TOEIC® : Tried but undertested

by Mark Chapman   (Hokkaido University)

* In 2001 Tim McNamara reported on the development of the new TOEFL® test in the pages of Shiken (2001, pp. 2,3). Educational Testing Services (ETS) has recently announced that the new TOEFL will be launched in 2005 as an integrative test of all four linguistic skill areas. Scores will report the abilities of candidates in relation to the skills required for study at an English speaking university. This re-launch of the TOEFL marks a drastic change from the norm-referenced test of listening and reading that it once was to an apparently criterion referenced test of both receptive and productive skills. In his article McNamara (p. 2) stated that ETS started to consider redesigning the TOEFL in response to "ongoing critical discussion into the validity of the existing TOEFL."
* This discussion is reflected in a brief Internet search. In response to a search for TOEFL research, Google returns 282,000 possibilities. Language Testing published eight separate articles about the TOEFL between 1990 and 2003. This critical discussion is extensive when compared with research into another ETS test – the TOEIC®. Google returns only 13,900 possible sites for TOEIC research, less than 5% of that for TOEFL. Language Testing has no dedicated articles about the TOEIC. Perhaps the most telling figure however, is for research into TOEIC published by ETS. ETS has released 69 research reports into TOEFL, with an additional 17 technical reports on this exam between 1977 and 2002. However, for the TOEIC there are only three full research reports. In addition there was an initial validity study in 1982 and one technical manual. This data begs the question: "Why has ETS produced 23 times more research reports on the TOEFL than on the TOEIC?"
"Why has ETS produced 23 times more research reports on the TOEFL than on the TOEIC?"

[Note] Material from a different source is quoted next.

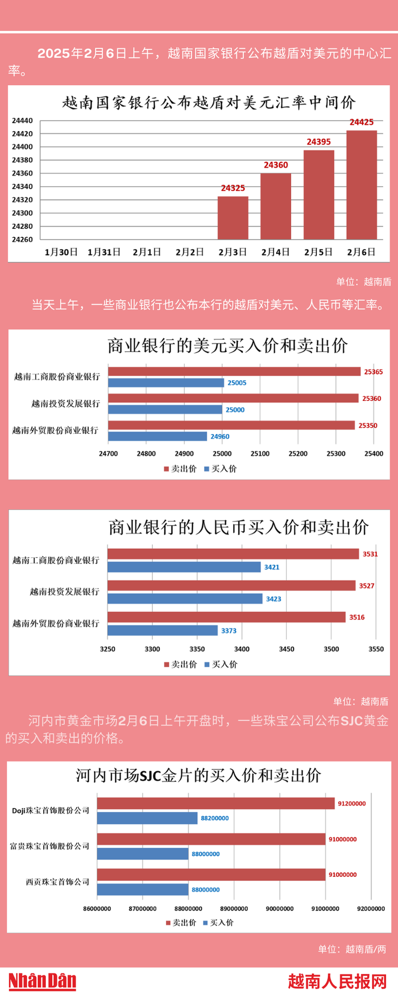 2025年2月6日上午,越南国家银行所公布的越盾对美元的中心汇率为24425。

* There are several possible answers. TOEIC and TOEFL were similar in many ways before the Test of Written English was introduced to the TOEFL in 1996. The only significant difference was that TOEFL reputedly focused on academic English and TOEIC on the language of business and commerce (see Gilfert, 1995 for a fuller comparison of these two tests).

[ p. 2 ]

* ETS may have seen little benefit in pursuing the same degree of research into TOEIC that had already been conducted into TOEFL. Moreover, ETS' experience of extensively publishing research into their own test with the TOEFL may have caused them to question whether this process invites skepticism and further critical investigation. Shohamy (2001, p. 148) reports that "there is low trust on the part of the public with regard to research conducted by companies that also develop and market tests, in a similar way that there is research conducted by profit-making drug companies on the drugs they produce." Whether or not this was a factor that prompted ETS to avoid publishing extensive in-house research on the TOEIC is, of course, a matter of speculation.
* TOEIC came about as a result of a request by the Japanese Ministry of Trade and Industry to ETS. ETS may have felt that in fulfilling the request there was no necessity to further substantiate the test created. The most likely answer lies with the nature of the end user of both tests. TOEFL scores are intended to provide a reliable measure of the linguistic competence of candidates for English speaking universities. TOEIC scores indicate the proficiency of non-English speaking employees of corporations. Many universities have the resources and expertise to investigate the claims made for the TOEFL by ETS, whereas companies are far less able to challenge the validity of TOEIC. Overseas students who enter a university in an English speaking country on the strength of a TOEFL score are likely to be initially enrolled in a language program. The purpose of such programs is specifically to prepare the learners for the linguistic skills required for their studies. Instructors in these programs have a clear view of the skills students come equipped with and the level they need to attain. Hence, the shortcomings of TOEFL scores as a predictor of the competence required to study at an English-language medium university are readily apparent. This has been acknowledged by ETS (Jamieson et al., 2000, p. 3) with the admission that "those who use TOEFL test scores in selecting students for undergraduate and postgraduate programs increasingly express concern that many international students who are admitted with high TOEFL test scores (i.e., above 550) arrive on campus with insufficient writing and oral communications skills to participate fully in academic programs." The feedback mechanism between test maker, test taker and end user is reasonably effective in the case of the TOEFL. This has eventually resulted in the test being redesigned to better meet the requirements of the end user; in this case, English-language medium universities.

[ p. 3 ]

* Despite the TOEIC now being in use for almost 25 years it has not changed at all. It is still based on the structuralist, behaviorist model of language learning and testing that informed discrete-point testing. If ETS has accepted this model is no longer suitable as a basis for the TOEFL, why has TOEIC not been treated similarly? Surely the lack of critical research is a major factor along with the lack of an effective feedback mechanism from end user (corporations) to test maker. TOEIC cannot have been ignored by ETS due to its minority status: more people take the TOEIC every year now than the TOEFL. In 2002 more than 2.8 million individuals registered to take the TOEIC in more than 60 countries worldwide (ETS, 2003). This is more than twice the number that took TOEFL in the same time period. Given this importance in business terms of the TOEIC to ETS, it is perhaps even more surprising that there is no indication of TOEIC receiving the same degree of research attention devoted to the TOEFL.
"TOEIC cannot have been ignored by ETS due to its minority status: more people take the TOEIC every year now than the TOEFL."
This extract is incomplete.